The do-it-yourself festival now attracts sponsorship attention from some companies that haven't been do-it-yourself for decades. What do the indie makers and crafters think of this?

Caroline McCarthy Former Staff writer, CNET News
Caroline McCarthy, a CNET News staff writer, is a downtown Manhattanite happily addicted to social-media tools and restaurant blogs. Her pre-CNET resume includes interning at an IT security firm and brewing cappuccinos.
Caroline McCarthy
3 min read
The Ford Fiesta subcompact car was a big, splashy sponsor of World Maker Faire. Did the indie 'makers' welcome its presence? Caroline McCarthy/CNET

QUEENS, N.Y.--It was an almost inevitable question when you walked into the World Maker Faire at the New York Hall of Science this weekend: What do all these hardcore-indie home brew and crafting aficionados think of the fact that Ford Motor, Red Bull, Microsoft, Hewlett-Packard, and Time Warner Cable (and this site's own parent brand, CNET, which had sponsored the Maker Faire preparty on Friday night) had attached their brands to the festival?

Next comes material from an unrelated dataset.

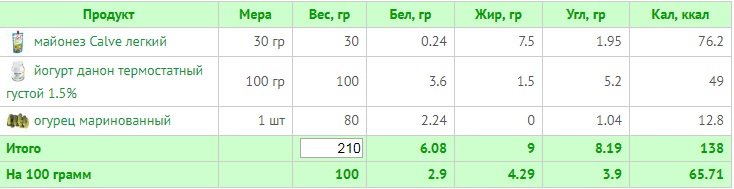 -Майонез Кальве легкий или провансаль легкий 30г - Йогурт Данон термостатный густой 1,5% 100г - Огурец маринованный 1шт
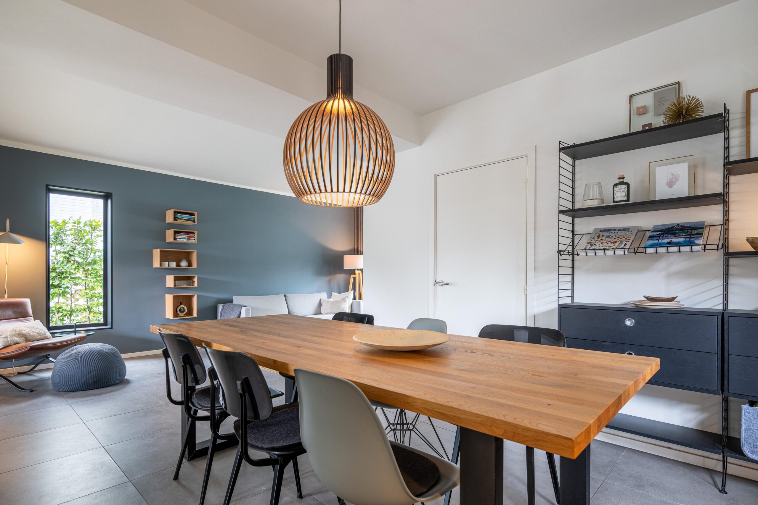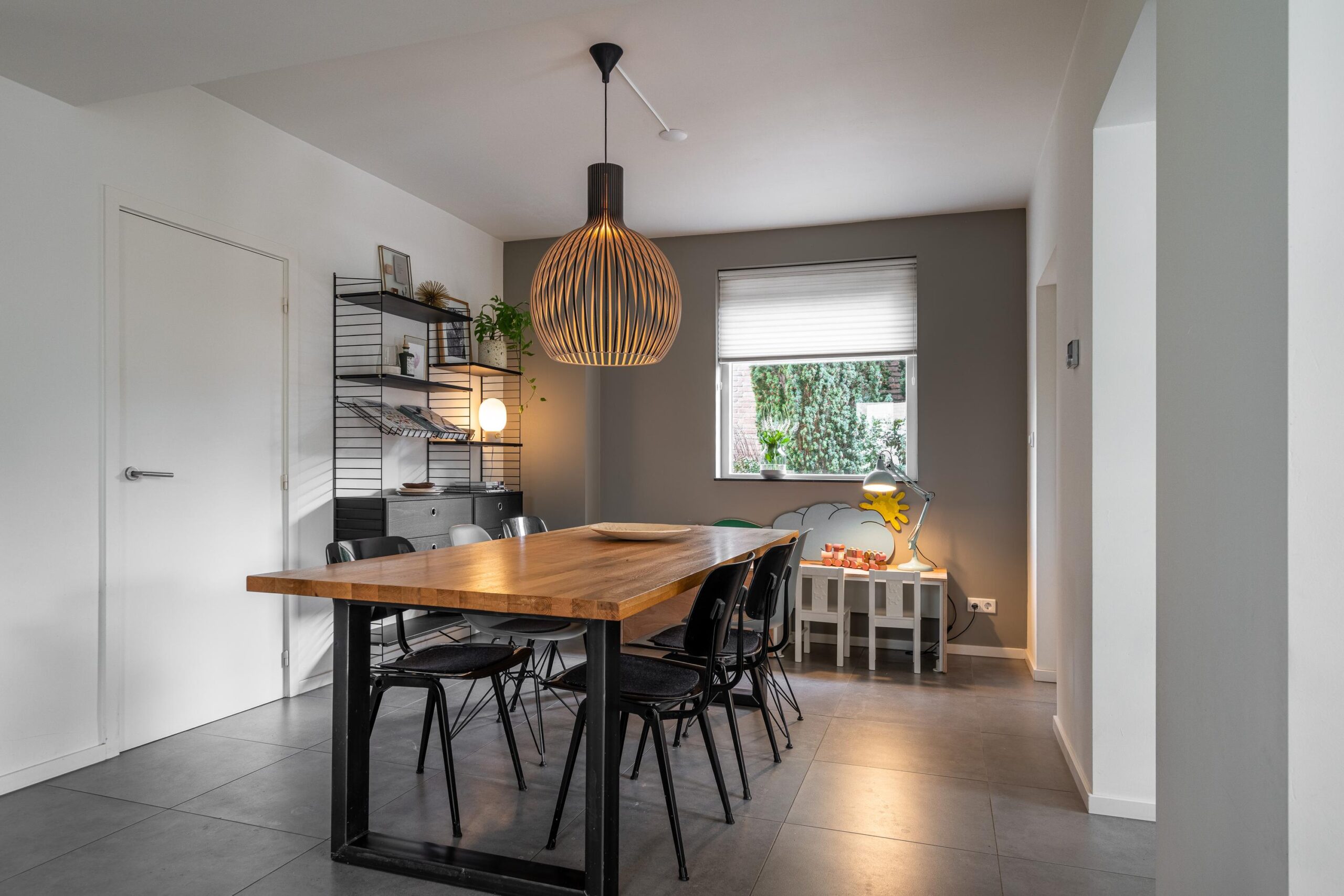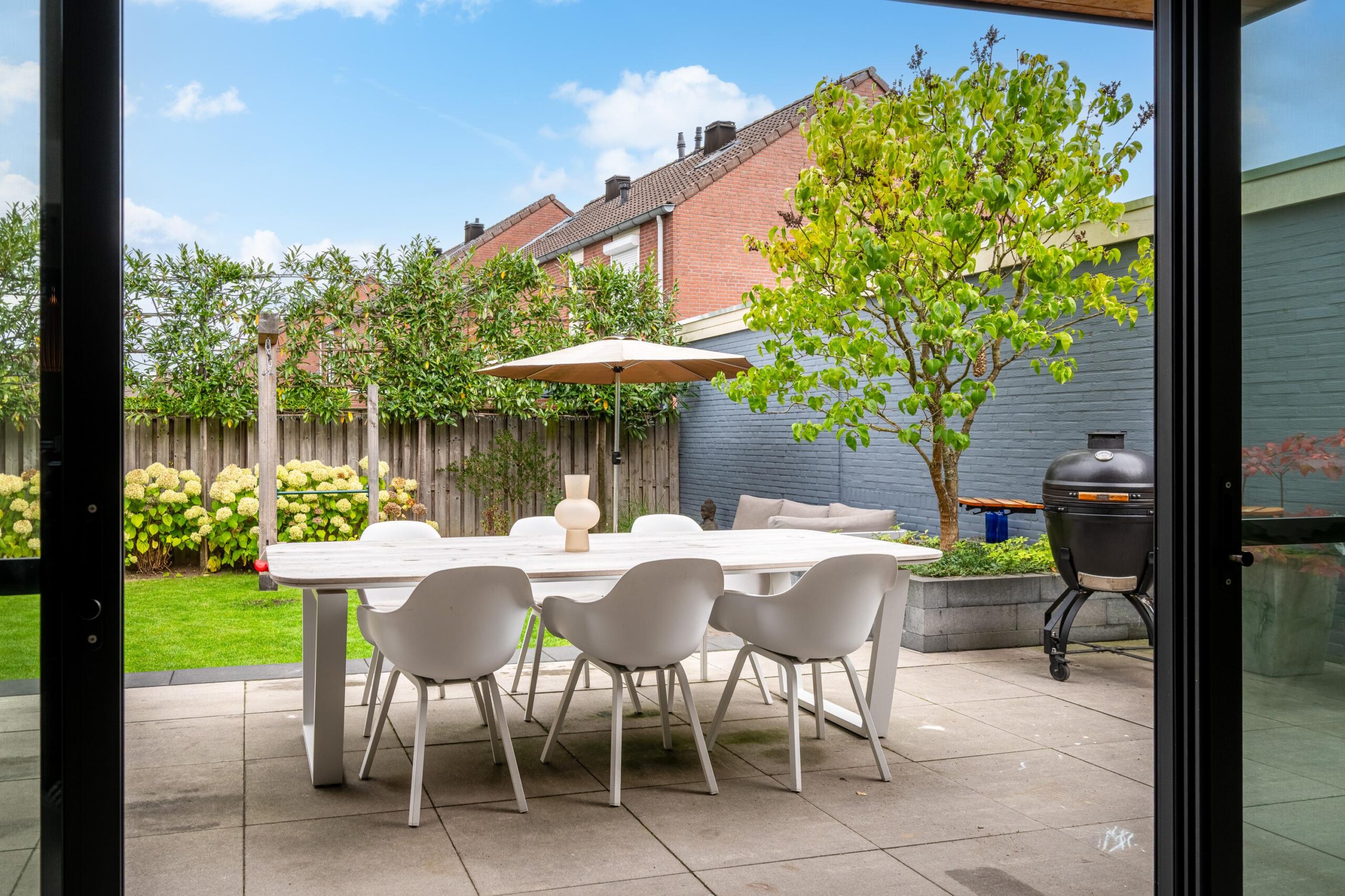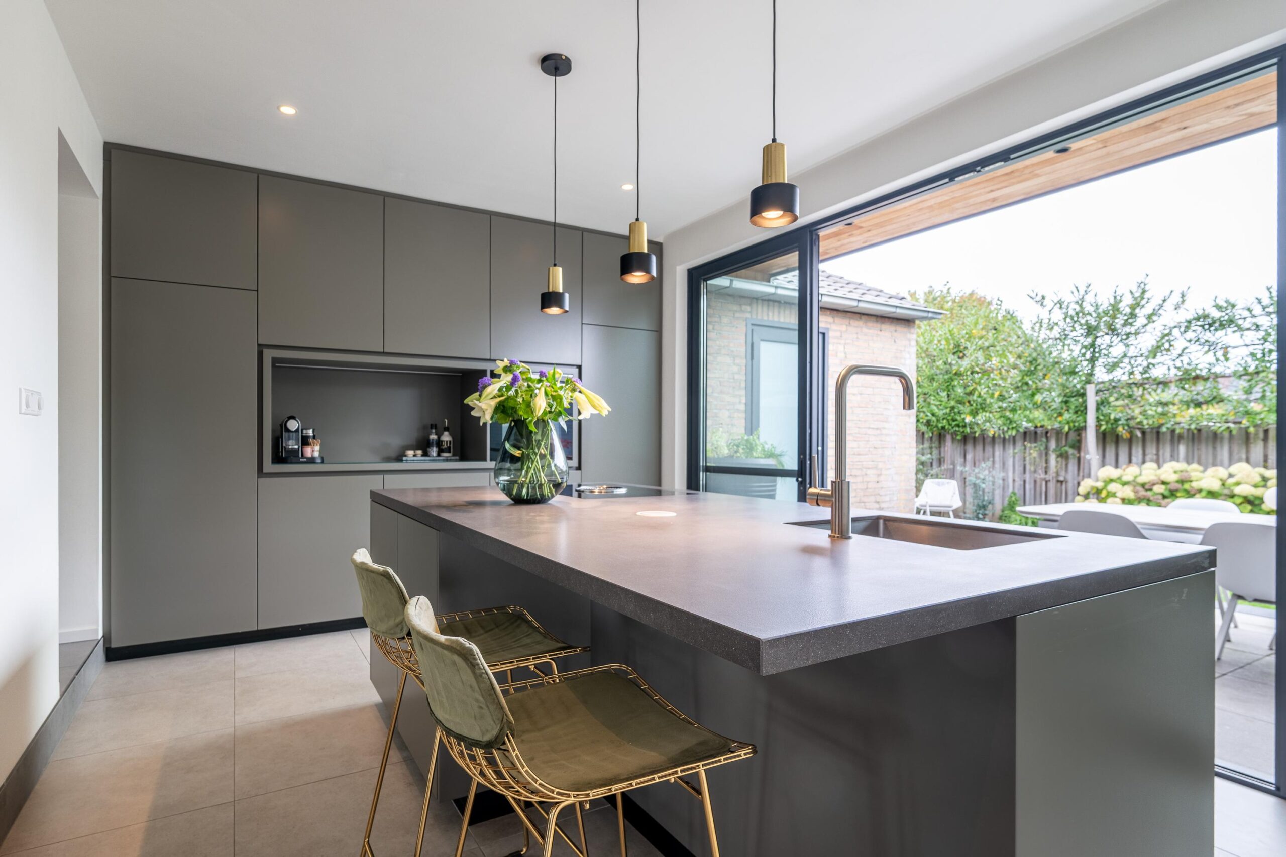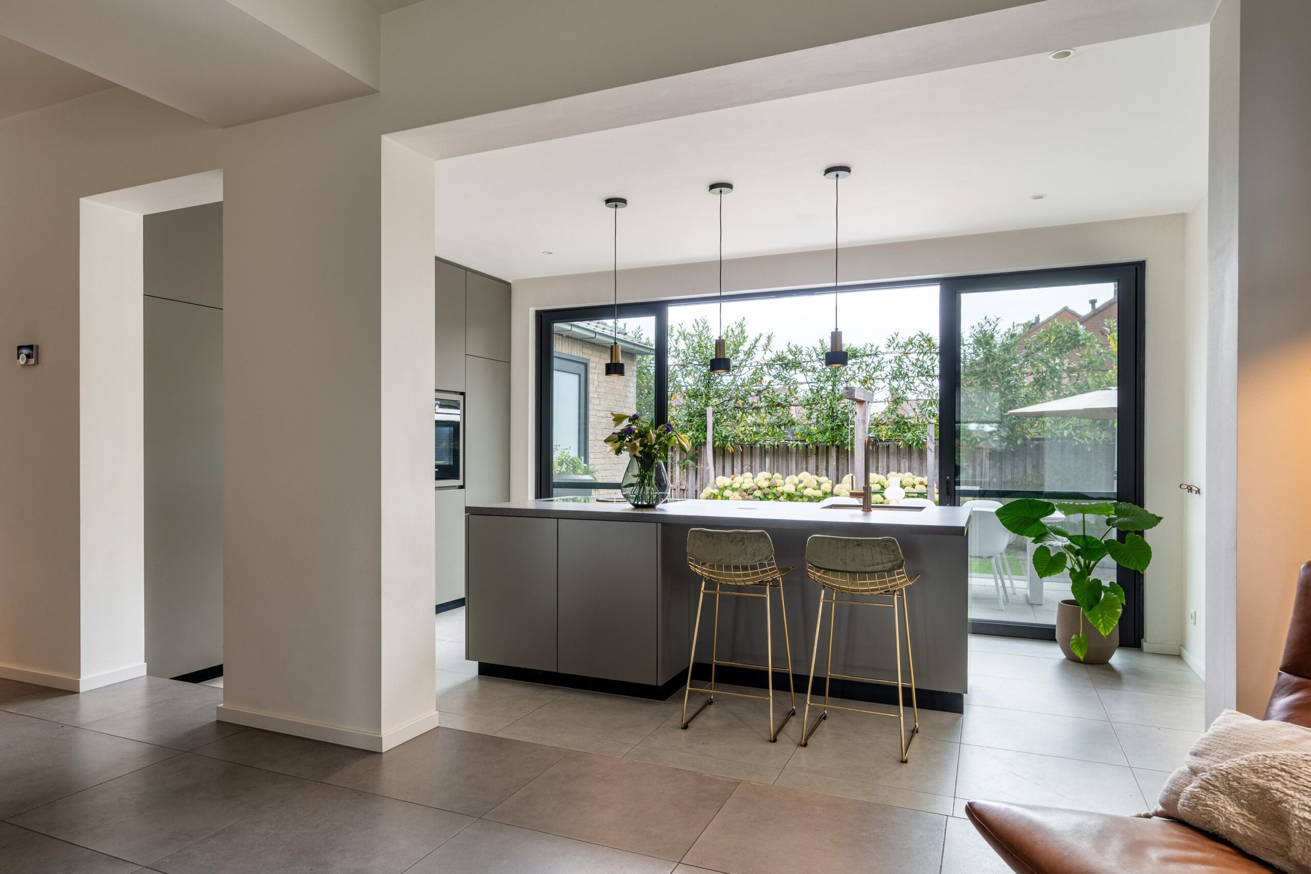 De keuken beschikt over een grote schuifpui naar de achtertuin, wat zorgt voor veel lichtinval en een prettig tuincontact.

After all, the culture of "making" has gone mainstream. Gerard Nebesky, the chef in charge of Maker Faire's traditional paella dish, has appeared on celebrity cooking competition show "Bobby Flay's Throwdown," and the do-it-yourself festival's headliners, like the "mad scientists" blowing up Mentos and Diet Coke, have gone beyond YouTube stardom into the public imagination. Even prim publication Martha Stewart Living had a big setup at Maker Faire's crafting expo, looking particularly staid alongside indie greeting-card vendors like MaybeYouShouldDie.com, which prints many a slogan that this publication cannot reprint, and McBitterson's Tasteless Wares, which hawked stylized birthday cards emblazoned with "Have a good birthday, or I'll kill this kitten!"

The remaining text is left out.